Mat casi dejó caer la vara al darse cuenta de lo que había estado a punto de hacer. «Vencer, no matar. Luz, ¿qué estaría pensando?» Sumido en tales reflexiones, apoyó la punta del bastón en el suelo y, tan pronto como la tuvo afianzada allí, hubo de agarrarse a ella para mantenerse erguido. El hambre era un lacerante aullido en sus entrañas. De improviso cayó en la cuenta de que no sólo estaban observándolos las Aes Sedai y Aceptadas. Toda práctica, todo aprendizaje, se había interrumpido en el campo.

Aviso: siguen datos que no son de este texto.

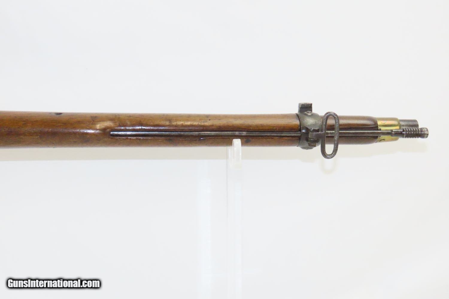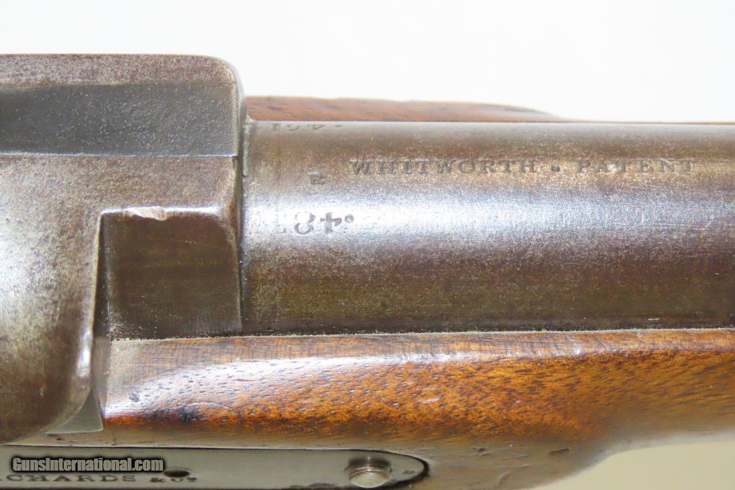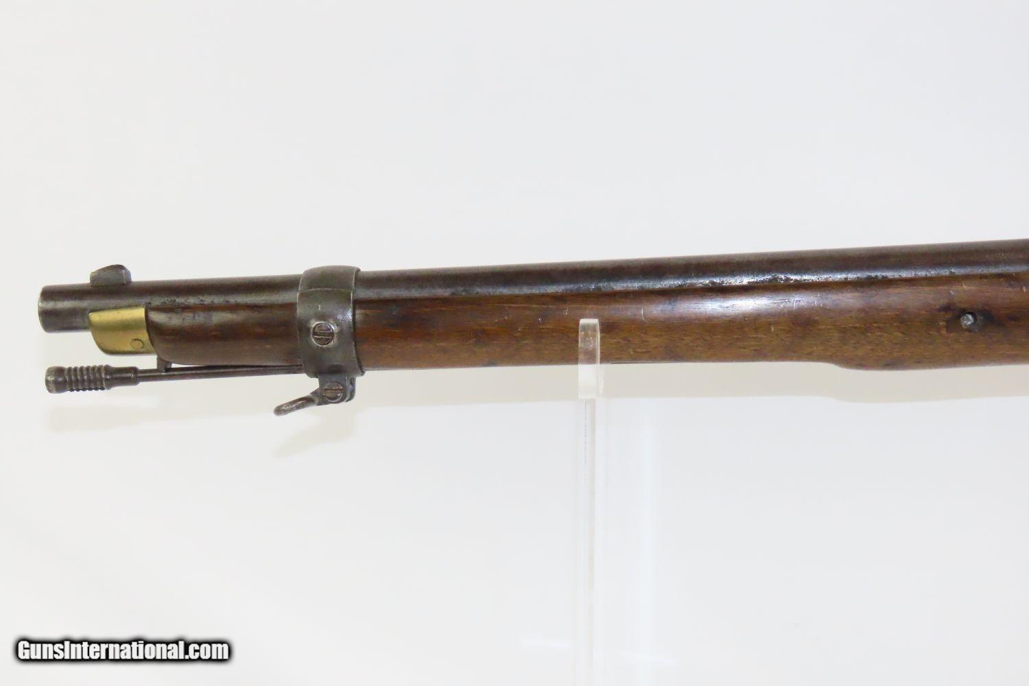 Description: SCARCE “MONKEY TAIL” Carbine by WESTLEY RICHARDS British Percussion Antique Breech Loading Favorite of Boers during War, 1867 Date Here we present an antique Westley Richards Monkey Tail Breech-Loading Percussion Carbine, made in 1867 in Birmingham, England. Westley Richards & Co. still make world class firearms to this day, over 200 years. William Westley Richards established his prestigious company in 1812, only yet 22 years of age, at 82 High Street in Birmingham. He established his high end London shop in 1815 at 170 New Bond Street. William’s son, Westley Richards, joined his father in business at the age of 26 and continued to prosper the business with his own ideas and patents. It was he who was responsible for the design of the aforementioned Monkey Tail Carbine in 1858. The source of its being called a “Monkey Tail” is the shape of the small knob on the loading lever. The carbine was an early pioneer in the use of polygonal rifling and utilized an ingenious caplock, breech-loading system. The rifling is what the “Whitworth’s Patent” marking on the barrel refers to, though it seems at this time the marking was a friendly attribution to Joseph Whitworth and not required by law. Both Richards and Whitworth appear to have worked simultaneously, if not somewhat together, on improving rifling technology. The rifling in these guns is octagonal, whereas Whitworth’s was hexagonal. Nevertheless, Richards seems to have wanted to give Whitworth the credit. As for the breech-loading system, the top lever hinges up, allowing the shooter to load the cartridge, just like some other designs of the time. However, upon closing the lever, the brass piston inside was mobile and when a cartridge was ignited, the gas pressure would push the piston back, locking the breech closed while chamber pressure was high. Richards’s carbines and rifles were met with great interest from the British military, which did lead to extensive testing and even a sizeable contract, but it was not adopted as a primary arm. Nevertheless, about 27,000 were issued in the British Army and about 4,000 to volunteer and colonial forces. British ally, Portugal, also ordered 11,000, and Westley Richards & Co. sold many (about 21,000) to South Africa in the 1870s and 80s, prior to complete deterioration in relations between the Boers and Britain. These were the guns that Boer children grew up shooting and it has been said that the proof test of marksmanship was hitting a chicken’s egg at 100 yards with a Monkey Tail. The carbine’s short overall length made it extremely handy on horseback or foot, and in thick vegetation. Though considered quite obsolete at the time of the Boer War in 1881, this is how many of the Boer fighters were armed when they defeated the British and gained their independence. At Majuba, 500 Boers, mostly armed with the Richards, defeated 647 British soldiers, who were armed with the more modern Martini Henry rifle. In fact, more modern metallic cartridges could have proved a hindrance to them as ammunition availability was scarce. The old Monkey Tail was actually advantageous, since it used paper cartridges. Powder, paper, ball and primers were easily obtained in remote Africa and the ‘tail could be muzzle loaded if paper was not handy. “1867 and “WESTLEY RICHARDS & Co.” is engraved on the lock and breech. “WHITWORTH PATENT” can be read a top the barrel. The overall condition is very good. The action is strong. The bore is bright in good shape. All markings are clear. There is a very small, hairline split at the front of the comb that does not move. The various proofs on the left of the barrel are sharp. A wonderful example of a scarce British carbine! Own the original! This is a legitimate antique and not a reproduction. Barrel is 20 inches in length. Caliber: .451 Overall condition as seen in photos. Very Fast. Very Safe. FREE SHIPPING WORLDWIDE. Delivered directly to your door by express mail! Guaranteed AUTHENTIC & Includes CERTIFICATE OF AUTHENTICITY. ancestryguns $3645 #201282 SOLD Antique: Yes |

Tanto los alumnos como los Guardianes estaban parados, mirándolo.
Hammar se situó junto a Galad, que aún gruñía en el suelo tratando de ponerse en pie.
—¿Quién fue el más grande espadachín de todos los tiempos? —preguntó, a voz en grito, el Guardián.
—¡Jearom, Gaidin! —contestaron, a coro, los estudiantes.
—¡Sí! —gritó Hammar, volviéndose para asegurarse de que todos lo oían—. En toda su vida, Jearom luchó unas diez mil veces, en batallas y combates individuales. Sólo fue derrotado en una ocasión. ¡Y lo hizo un granjero con una barra! —Bajó la vista hacia Galad, y también bajó la voz—. Si no puedes levantarte ahora, chico, la pelea queda concluida. —Puso en alto una mano, y las Aes Sedai y Aceptadas acudieron y formaron un círculo en torno a Galad.
Mat deslizó la vara hasta las rodillas. Ninguna de las Aes Sedai le dedicó siquiera una mirada. Una de las Aceptadas, una muchacha regordeta a quien no le habría importado sacar a bailar si no estuviera estudiando para Aes Sedai, sí se fijó en él. Lo miró ceñuda y desdeñosa y luego se volvió para observar lo que hacían las Aes Sedai que rodeaban a Galad.
Mat observó con alivio que Gawyn se hallaba de pie. Enderezó el cuerpo al ver que se acercaba a él. «No deben enterarse. Nunca conseguiré salir de aquí si deciden cuidarme constantemente.» Gawyn tenía una mancha de sangre en el rojizo pelo, a un lado de la cabeza, pero no se le veía ningún corte ni magulladura.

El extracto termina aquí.